The Leftovers, Outlander, and the Adaptation of Novels for Premium Cable

outlanderTwo adaptations of novels have come to premium cable this summer. The first was Tom Perrotta’s The Leftovers on HBO and Diana Gabaldon’s Outlander premieres on Starz today although the first episode was available for streaming on starz.com starting last Saturday.

I am approaching these two TV series from very different points of view. The Leftovers has been on my to-read list since it was released in 2011 but I’ve never quite gotten around to it. It takes place in a world after a Rapture-like event. Two percent of the world’s population has disappeared I have watched every episode of the show so far. I love the show but I can’t quite say that I’ve enjoyed it. It is a difficult show to watch. People aren’t wrong when they describe it as misery porn but I can’t quite get on with those who think its a slog. The characters have gone through something absolutely horrifying and watching them struggle through putting their lives back together is endlessly fascinating for me.

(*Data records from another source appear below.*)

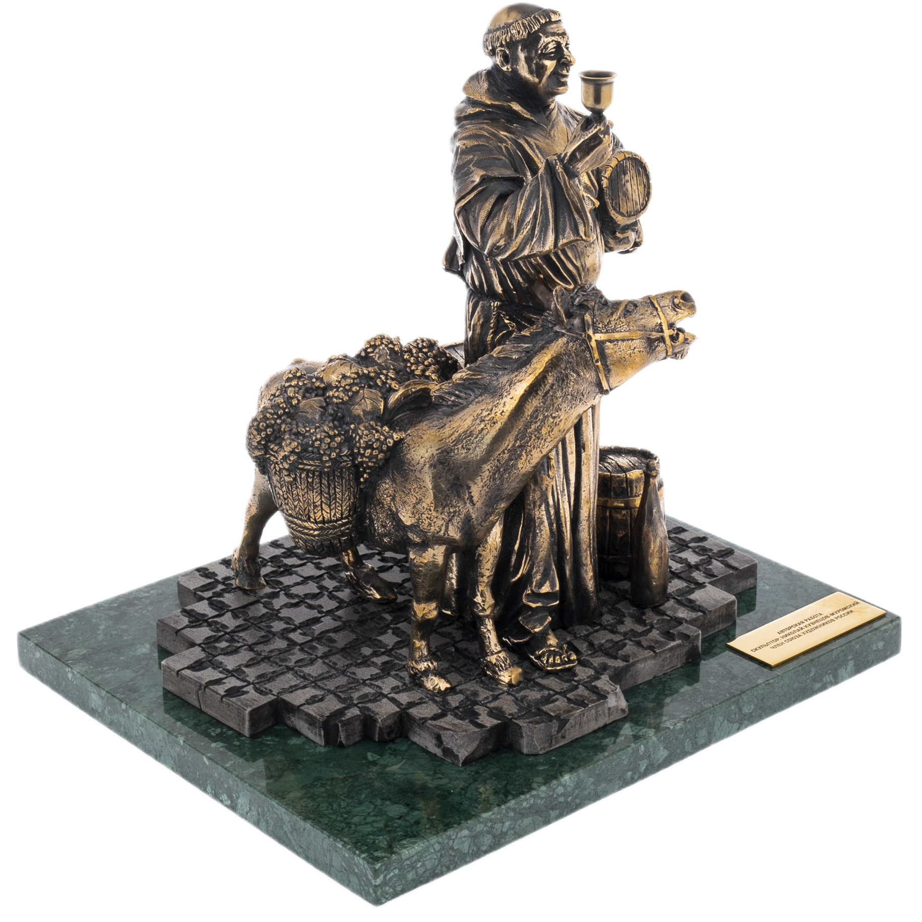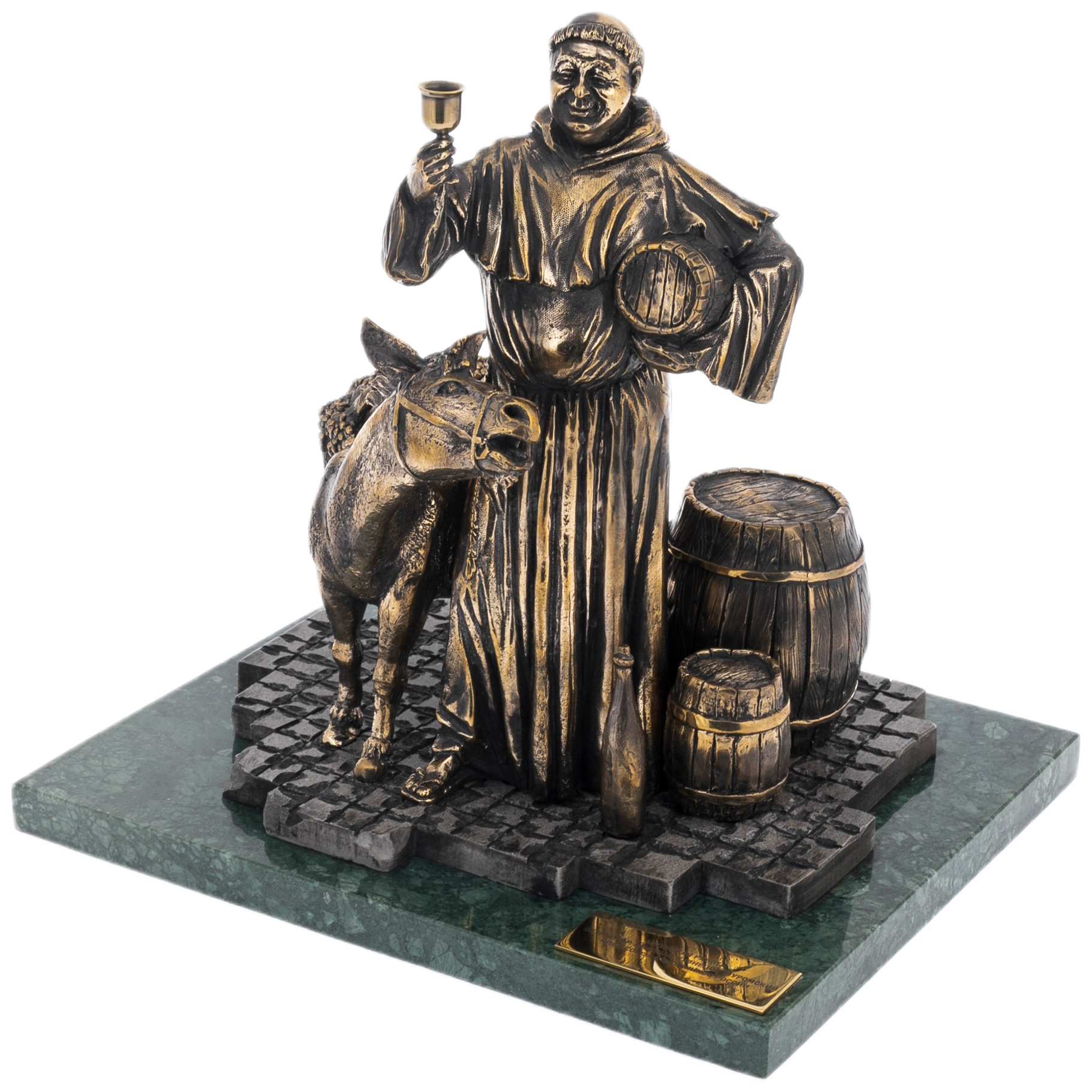 Фигура монаха, запечатлённая в бронзе, рассказывает о тихом, но насыщенном смыслами мире средневековых монастырей, где бокал вина становится символом уюта, гостеприимства и искренней радости. Его поза, полный достоинства взгляд и торжественно поднятый бокал передают одновременно благословение и приглашение к жизни, наполненной простотой и мудростью.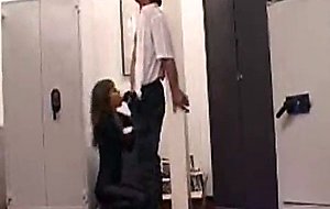 若い強盗犯の美女が金庫室の中で老人をフェラチオし、ファックする。
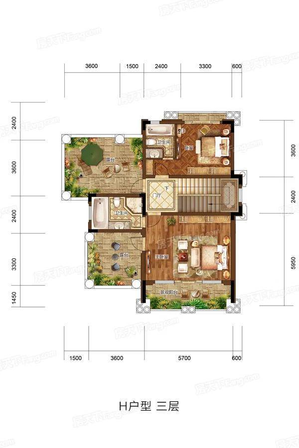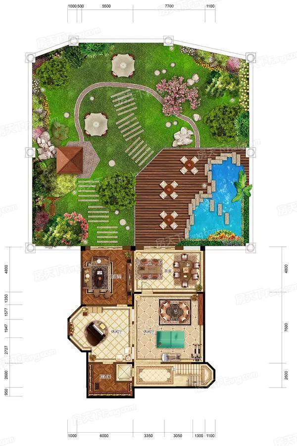 花园面积:631-897㎡赠送面积:759-1297㎡

This show does exactly what a good adaptation should do. I haven’t read the book but I still know what is going on and can enjoy it as its own thing. I do wonder if the source material was more of a dark comedy than the show, though. Perrotta usually has a sense of humor about his work but if he and his pilot co-writer, showrunner Damon Lindeloff (Lost), couldn’t bring that across on the screen then I’m glad that they didn’t try. The Leftovers is a mirror image of another Tom Perrotta adaptation, Election, in that way. For the movie version, the comedy elements of the book were played up much more.

I come at the adaptation of Outlander from a completely different place. I discovered the book series when I was in high school and no one gets obsessed with something like a teenager gets upset with something. I devoured the first four books the summer I found them and have since read the next three, albeit with slightly waning interest. The first season of the show from showrunner Ronald D. Moore (Battlestar Galactica) covers the first book, though, and I have read that more times than I care to think of considering that it’s 870 pages long.

I know Claire, Jamie, and the other characters who inhabit Gabaldon’s universe inside and out. They can do what they’d like with the plot to make it work for TV as long as they get the characters right. They probably don’t need to nail down every detail of an English World War II nurse who unexpectedly time travels to the eighteenth century while on vacation in Scotland to get reacquainted with her husband after the war but they do need to be true to the characters.

Fortunately, I was really impressed with Caitriona Balfe and Tobias Menzies as Claire and Frank Randall. We spend most of the episode with them and really only get a small amount of time with Sam Heughan’s Jamie towards the end. I’m happy with what I’ve seen of him but will need more before I form a real opinion on him.

Both of these adaptations appear to stand on their own without needing knowledge of their source material to truly enjoy them. In many ways, that is the advantage of adapting a novel into a TV series with short seasons. There’s more space to expand the universe than in a two-hour movie but there isn’t so much time to fill that the writers have to stretch the source material out with time-filler episodes in order to make five 22-episode seasons.